For BradyWilliam’s director Emily Williams, luxury means comfort, refinement and attention to detail. To her, it’s not about designer labels or eye-catching pieces, it’s about a well thought through space that flows with ease and makes life seamless. In her mind, luxury is nothing without liveability. It is this that she finds her clients requesting time and time again, and it’s why they come to her to transform their homes into peaceful retreats hidden within the city. “It should bear scrutiny,” as one of her clients so aptly put, “but mustn’t scream for attention.”

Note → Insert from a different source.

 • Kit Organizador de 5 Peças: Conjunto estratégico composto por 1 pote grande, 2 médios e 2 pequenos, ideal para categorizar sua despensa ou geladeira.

Of course, for these spaces to constitute luxury they must be elevated—separated from the norm by an unspoken understanding of quality. Though the pieces might not instantly draw the eye, it is the materials from which they are crafted that set them apart. Often as desired now as they were centuries ago, it is the finest and most precious materials the world has to offer—wood, stone and wool—that endure through the turbulence of trends, bringing a beauty that few new textures can. And endure they should as we look forward with care of the planet in mind.

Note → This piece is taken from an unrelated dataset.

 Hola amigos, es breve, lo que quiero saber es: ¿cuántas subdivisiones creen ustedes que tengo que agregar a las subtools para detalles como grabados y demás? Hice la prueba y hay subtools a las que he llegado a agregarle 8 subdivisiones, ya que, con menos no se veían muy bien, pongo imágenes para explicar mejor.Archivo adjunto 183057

A space where ironmongers adorn the balustrade with cascading leaves and carpenters install panelling that flows from room to room, these homes have been invested in with both time and attention to detail. And it is on the backdrop of this craftsmanship that quiet luxury’s hero pieces sit. Old master portraits are propped up on marble shelves; bouclé armchairs sit beside ornate fireplaces and desk lights fit into figure wood shelving. Monochromatic entryway marble offers a glimpse at the tradition that lies beyond and dining rooms’ moody walls bring a moment of intensity to an otherwise light scheme. 

Beyond the pieces, the use of abundant space unfolds where carefully considered designs make the experience of being in a room as enjoyable as the way it looks. From the cinema, where full-length curtains thoughtfully cover the bar to avoid unwanted reflections and offer the perfect acoustic accompaniment to the space to architect Charlton Brown’s pool that boasts clean lines and skylights which balance the privacy of the indoors with all of the benefits of natural light.

Looking for where to start? Fill your home only with pieces that feel as good as they look and that will be just as at home in your scheme now as they will be in decades to come. Indulge in craftsmanship and time-honoured designs and embrace a look that doesn’t need to scream for attention—it simply attracts it without any sense of effort.